### WORK TO BE COMPLETED
A copy of the listing below is needed, exact in every line and without images.

### MATERIAL SHOWN
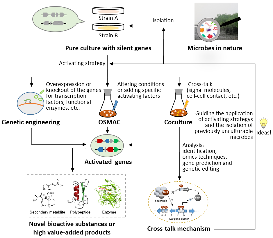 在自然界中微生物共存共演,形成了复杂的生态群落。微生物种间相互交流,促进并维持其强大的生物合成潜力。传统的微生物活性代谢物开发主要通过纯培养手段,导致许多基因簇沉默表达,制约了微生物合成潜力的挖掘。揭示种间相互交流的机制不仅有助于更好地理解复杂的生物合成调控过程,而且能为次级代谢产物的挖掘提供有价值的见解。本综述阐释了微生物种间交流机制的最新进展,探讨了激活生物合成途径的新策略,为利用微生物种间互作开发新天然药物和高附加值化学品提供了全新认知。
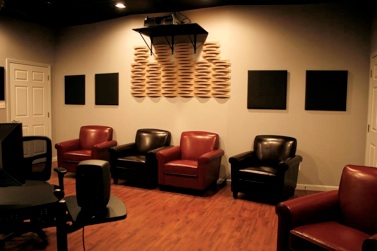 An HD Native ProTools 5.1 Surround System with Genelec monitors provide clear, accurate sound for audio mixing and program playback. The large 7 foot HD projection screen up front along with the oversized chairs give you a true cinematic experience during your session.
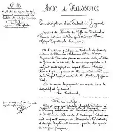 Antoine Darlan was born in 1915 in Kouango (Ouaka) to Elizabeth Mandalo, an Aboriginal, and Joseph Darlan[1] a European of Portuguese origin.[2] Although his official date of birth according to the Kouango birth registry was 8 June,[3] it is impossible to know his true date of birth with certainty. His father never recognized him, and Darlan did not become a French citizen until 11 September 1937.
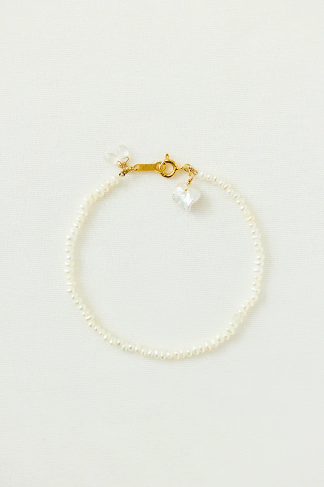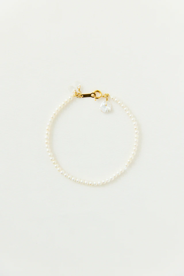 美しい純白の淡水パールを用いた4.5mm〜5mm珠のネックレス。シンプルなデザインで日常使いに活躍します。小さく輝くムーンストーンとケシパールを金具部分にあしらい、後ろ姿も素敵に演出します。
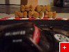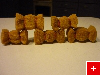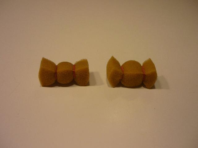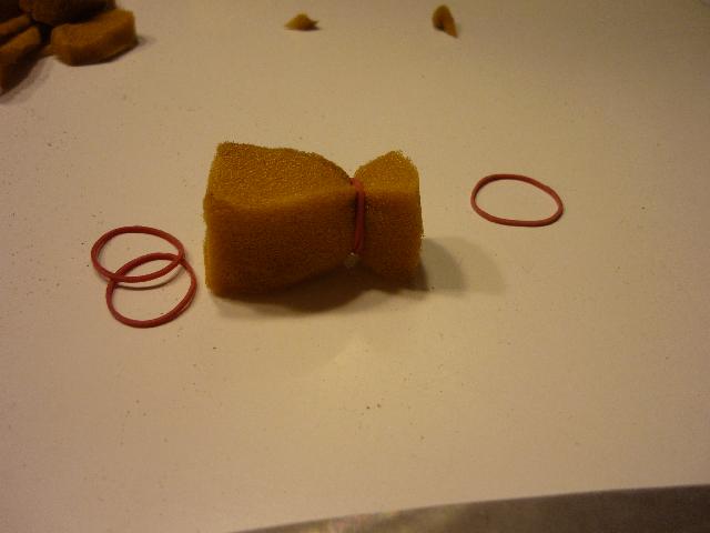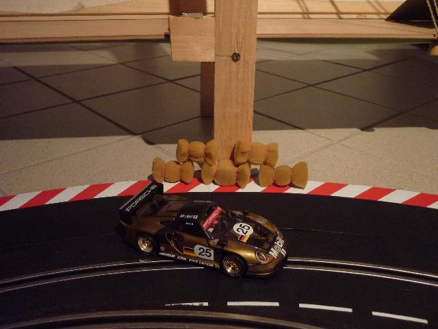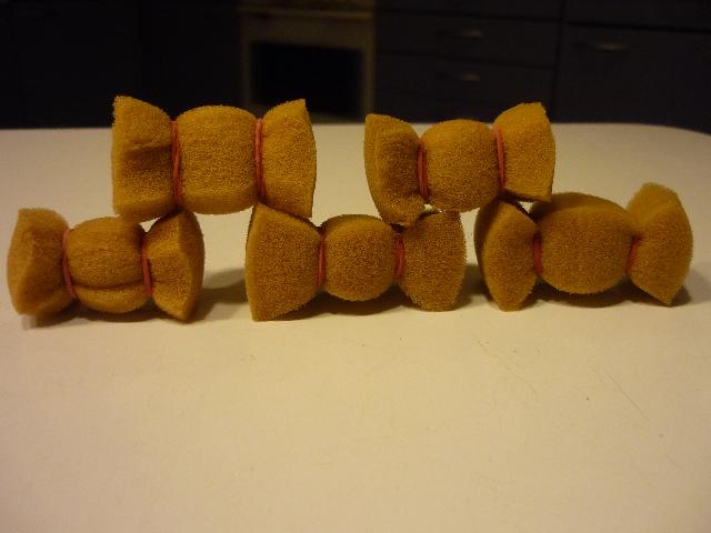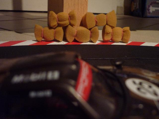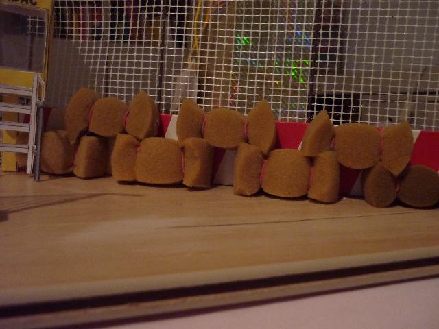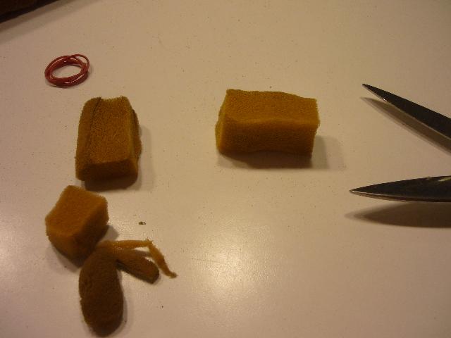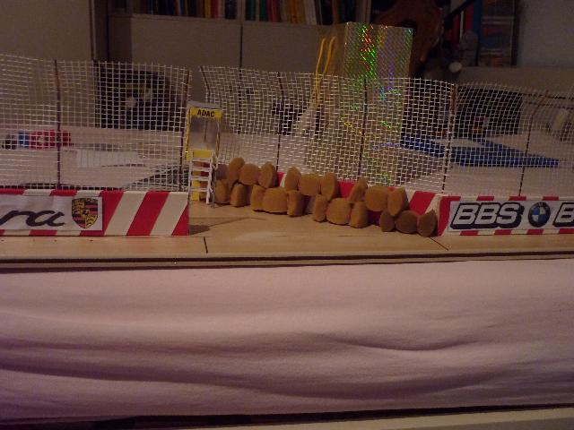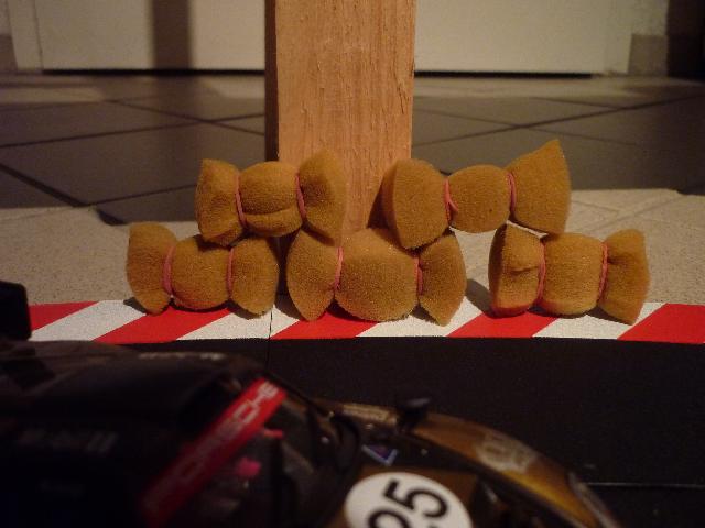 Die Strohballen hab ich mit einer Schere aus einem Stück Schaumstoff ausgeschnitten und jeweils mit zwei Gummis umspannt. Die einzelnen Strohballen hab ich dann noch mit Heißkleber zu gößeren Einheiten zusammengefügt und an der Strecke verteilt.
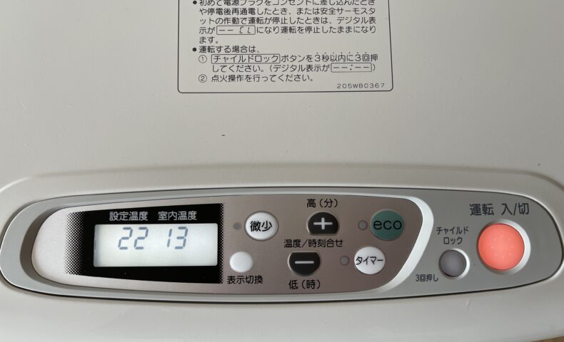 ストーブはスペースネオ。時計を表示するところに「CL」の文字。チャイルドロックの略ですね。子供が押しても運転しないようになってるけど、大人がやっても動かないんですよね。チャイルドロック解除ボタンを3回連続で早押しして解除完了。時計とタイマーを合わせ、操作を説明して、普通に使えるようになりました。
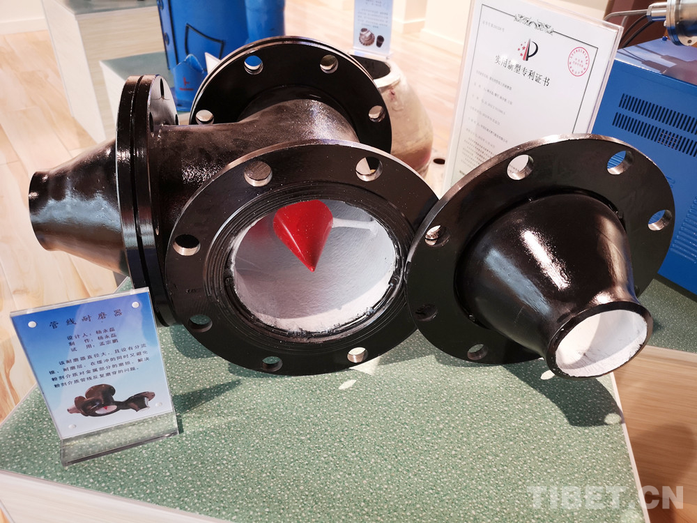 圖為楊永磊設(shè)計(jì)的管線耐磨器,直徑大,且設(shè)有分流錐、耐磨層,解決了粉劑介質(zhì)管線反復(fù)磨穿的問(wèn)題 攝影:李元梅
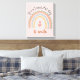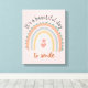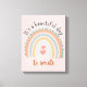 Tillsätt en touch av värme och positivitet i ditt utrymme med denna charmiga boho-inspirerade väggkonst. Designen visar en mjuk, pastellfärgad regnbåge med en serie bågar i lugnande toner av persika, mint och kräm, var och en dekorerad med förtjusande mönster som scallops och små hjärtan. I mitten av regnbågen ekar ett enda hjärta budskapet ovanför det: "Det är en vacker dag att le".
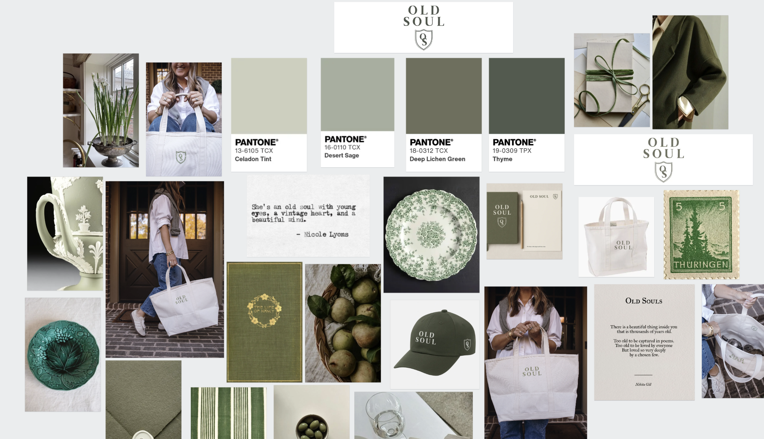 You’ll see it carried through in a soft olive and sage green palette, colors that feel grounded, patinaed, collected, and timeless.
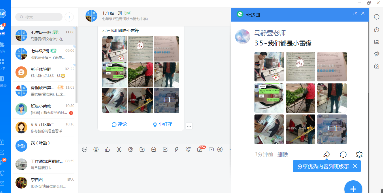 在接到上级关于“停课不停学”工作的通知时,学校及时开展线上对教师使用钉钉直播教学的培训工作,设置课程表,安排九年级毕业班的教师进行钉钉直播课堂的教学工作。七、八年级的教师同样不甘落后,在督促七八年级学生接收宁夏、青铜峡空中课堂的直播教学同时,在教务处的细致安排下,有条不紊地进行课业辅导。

### YOUR RESPONSE
 在自然界中微生物共存共演,形成了复杂的生态群落。微生物种间相互交流,促进并维持其强大的生物合成潜力。传统的微生物活性代谢物开发主要通过纯培养手段,导致许多基因簇沉默表达,制约了微生物合成潜力的挖掘。揭示种间相互交流的机制不仅有助于更好地理解复杂的生物合成调控过程,而且能为次级代谢产物的挖掘提供有价值的见解。本综述阐释了微生物种间交流机制的最新进展,探讨了激活生物合成途径的新策略,为利用微生物种间互作开发新天然药物和高附加值化学品提供了全新认知。
 An HD Native ProTools 5.1 Surround System with Genelec monitors provide clear, accurate sound for audio mixing and program playback. The large 7 foot HD projection screen up front along with the oversized chairs give you a true cinematic experience during your session.
 Antoine Darlan was born in 1915 in Kouango (Ouaka) to Elizabeth Mandalo, an Aboriginal, and Joseph Darlan[1] a European of Portuguese origin.[2] Although his official date of birth according to the Kouango birth registry was 8 June,[3] it is impossible to know his true date of birth with certainty. His father never recognized him, and Darlan did not become a French citizen until 11 September 1937.
 美しい純白の淡水パールを用いた4.5mm〜5mm珠のネックレス。シンプルなデザインで日常使いに活躍します。小さく輝くムーンストーンとケシパールを金具部分にあしらい、後ろ姿も素敵に演出します。
 Die Strohballen hab ich mit einer Schere aus einem Stück Schaumstoff ausgeschnitten und jeweils mit zwei Gummis umspannt. Die einzelnen Strohballen hab ich dann noch mit Heißkleber zu gößeren Einheiten zusammengefügt und an der Strecke verteilt.
 ストーブはスペースネオ。時計を表示するところに「CL」の文字。チャイルドロックの略ですね。子供が押しても運転しないようになってるけど、大人がやっても動かないんですよね。チャイルドロック解除ボタンを3回連続で早押しして解除完了。時計とタイマーを合わせ、操作を説明して、普通に使えるようになりました。
 圖為楊永磊設(shè)計(jì)的管線耐磨器,直徑大,且設(shè)有分流錐、耐磨層,解決了粉劑介質(zhì)管線反復(fù)磨穿的問(wèn)題 攝影:李元梅
 Tillsätt en touch av värme och positivitet i ditt utrymme med denna charmiga boho-inspirerade väggkonst. Designen visar en mjuk, pastellfärgad regnbåge med en serie bågar i lugnande toner av persika, mint och kräm, var och en dekorerad med förtjusande mönster som scallops och små hjärtan. I mitten av regnbågen ekar ett enda hjärta budskapet ovanför det: "Det är en vacker dag att le".
 You’ll see it carried through in a soft olive and sage green palette, colors that feel grounded, patinaed, collected, and timeless.
 在接到上级关于“停课不停学”工作的通知时,学校及时开展线上对教师使用钉钉直播教学的培训工作,设置课程表,安排九年级毕业班的教师进行钉钉直播课堂的教学工作。七、八年级的教师同样不甘落后,在督促七八年级学生接收宁夏、青铜峡空中课堂的直播教学同时,在教务处的细致安排下,有条不紊地进行课业辅导。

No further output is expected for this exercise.